PROBLEM REQUIREMENTS:
Exactly the lines from the first line of the records to the line holding "A black and" should be duplicated, and nothing more; pictures stay out.
::: SUPPLIED RECORDS
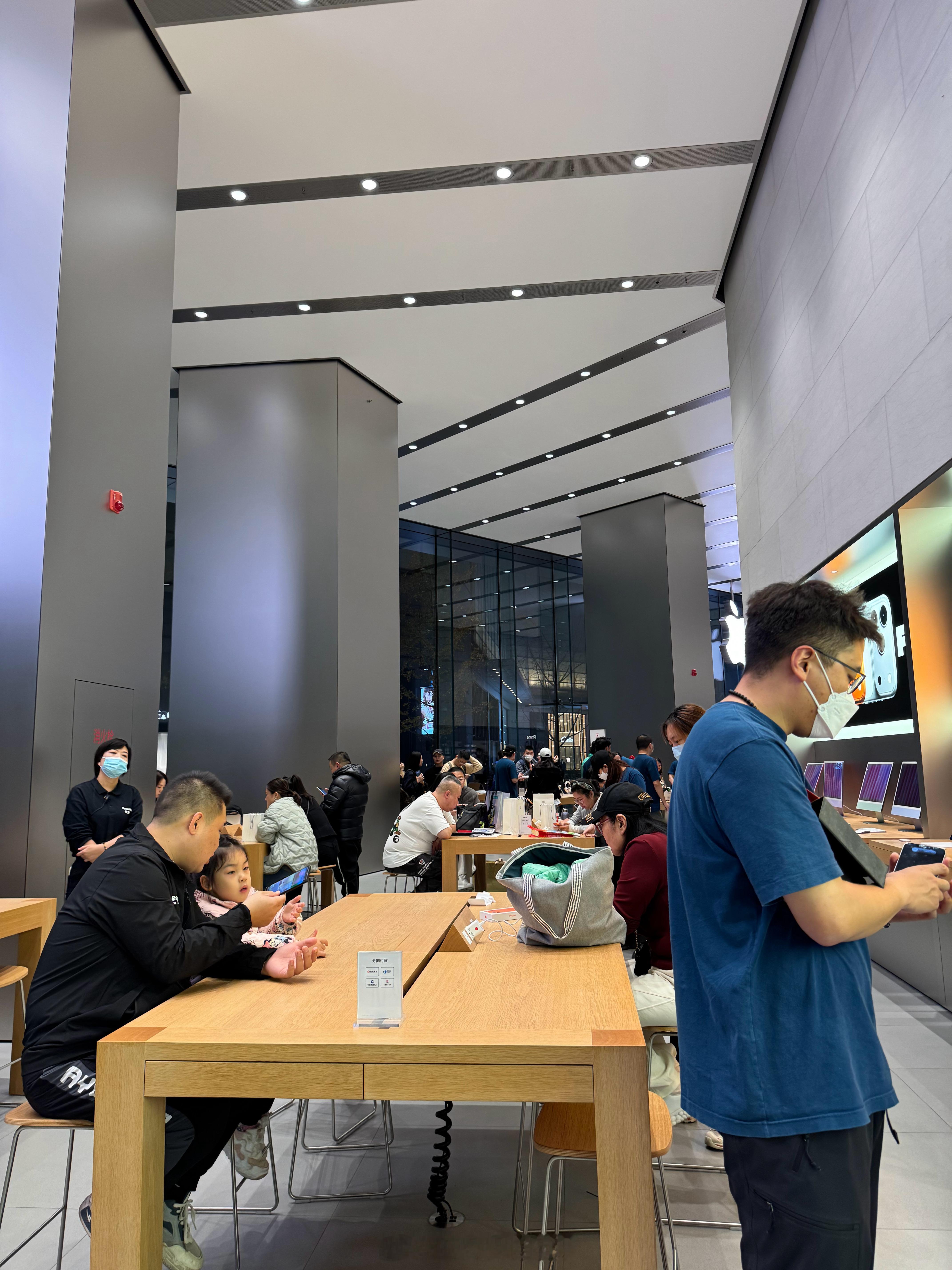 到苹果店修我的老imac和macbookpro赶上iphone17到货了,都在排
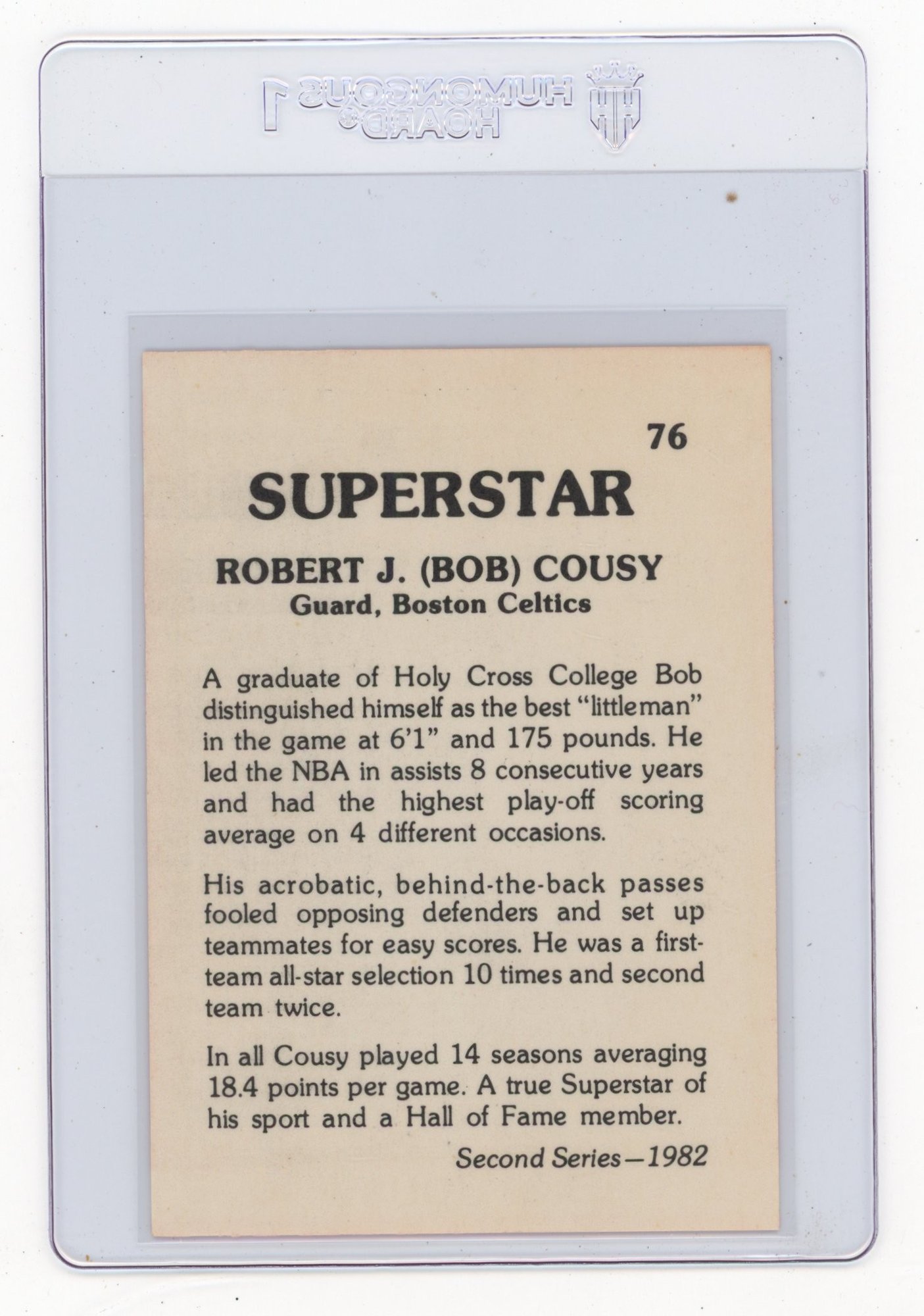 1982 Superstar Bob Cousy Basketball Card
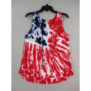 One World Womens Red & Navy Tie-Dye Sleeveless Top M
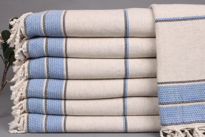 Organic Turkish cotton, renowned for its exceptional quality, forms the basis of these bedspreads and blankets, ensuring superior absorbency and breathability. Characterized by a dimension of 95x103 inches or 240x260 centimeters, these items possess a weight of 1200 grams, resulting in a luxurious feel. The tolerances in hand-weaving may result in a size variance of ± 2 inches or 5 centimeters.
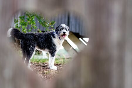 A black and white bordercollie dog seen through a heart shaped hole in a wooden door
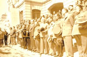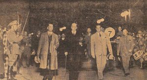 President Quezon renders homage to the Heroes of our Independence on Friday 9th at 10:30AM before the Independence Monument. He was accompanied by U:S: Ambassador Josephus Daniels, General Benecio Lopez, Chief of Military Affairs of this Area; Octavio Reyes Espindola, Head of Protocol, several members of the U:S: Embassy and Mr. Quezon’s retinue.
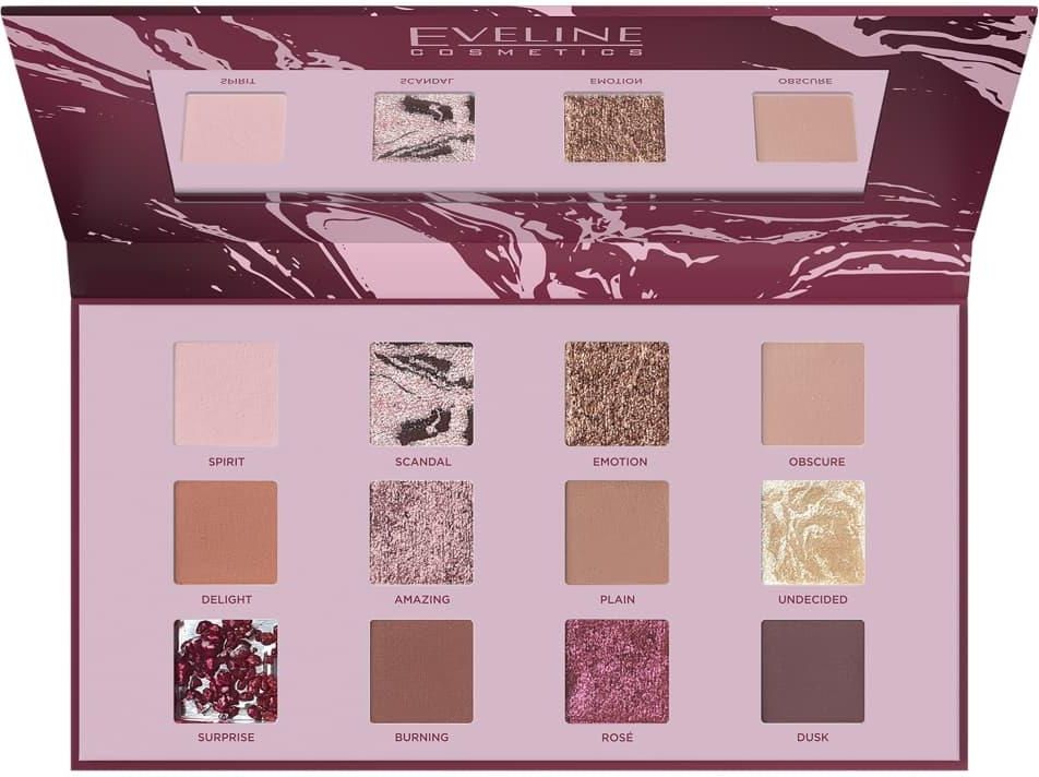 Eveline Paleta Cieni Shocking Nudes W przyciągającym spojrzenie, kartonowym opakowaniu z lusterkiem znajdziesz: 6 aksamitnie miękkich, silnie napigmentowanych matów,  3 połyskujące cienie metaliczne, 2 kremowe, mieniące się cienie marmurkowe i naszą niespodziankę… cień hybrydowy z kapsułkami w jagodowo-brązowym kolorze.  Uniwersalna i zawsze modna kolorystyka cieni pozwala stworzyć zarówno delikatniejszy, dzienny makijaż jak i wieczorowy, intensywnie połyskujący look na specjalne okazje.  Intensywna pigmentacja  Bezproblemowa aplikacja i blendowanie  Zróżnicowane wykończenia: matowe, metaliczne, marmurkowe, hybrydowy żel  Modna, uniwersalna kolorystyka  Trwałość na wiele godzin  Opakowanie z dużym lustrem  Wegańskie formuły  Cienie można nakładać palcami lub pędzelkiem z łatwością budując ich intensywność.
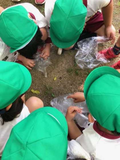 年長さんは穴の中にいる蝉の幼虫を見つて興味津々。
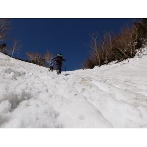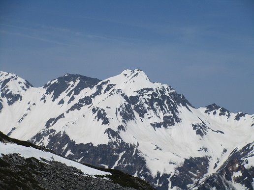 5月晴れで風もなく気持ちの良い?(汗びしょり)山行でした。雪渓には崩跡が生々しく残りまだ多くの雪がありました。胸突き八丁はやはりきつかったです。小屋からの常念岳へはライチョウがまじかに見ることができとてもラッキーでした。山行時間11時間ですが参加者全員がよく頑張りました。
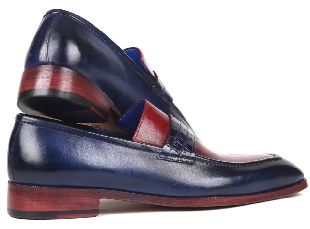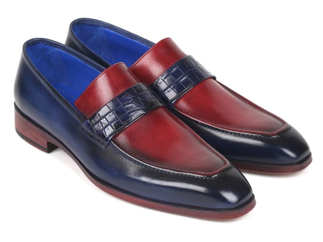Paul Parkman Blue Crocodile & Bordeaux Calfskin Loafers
::::::
ANSWER SPACE:
 到苹果店修我的老imac和macbookpro赶上iphone17到货了,都在排
 1982 Superstar Bob Cousy Basketball Card
 One World Womens Red & Navy Tie-Dye Sleeveless Top M
 Organic Turkish cotton, renowned for its exceptional quality, forms the basis of these bedspreads and blankets, ensuring superior absorbency and breathability. Characterized by a dimension of 95x103 inches or 240x260 centimeters, these items possess a weight of 1200 grams, resulting in a luxurious feel. The tolerances in hand-weaving may result in a size variance of ± 2 inches or 5 centimeters.
 A black and white bordercollie dog seen through a heart shaped hole in a wooden door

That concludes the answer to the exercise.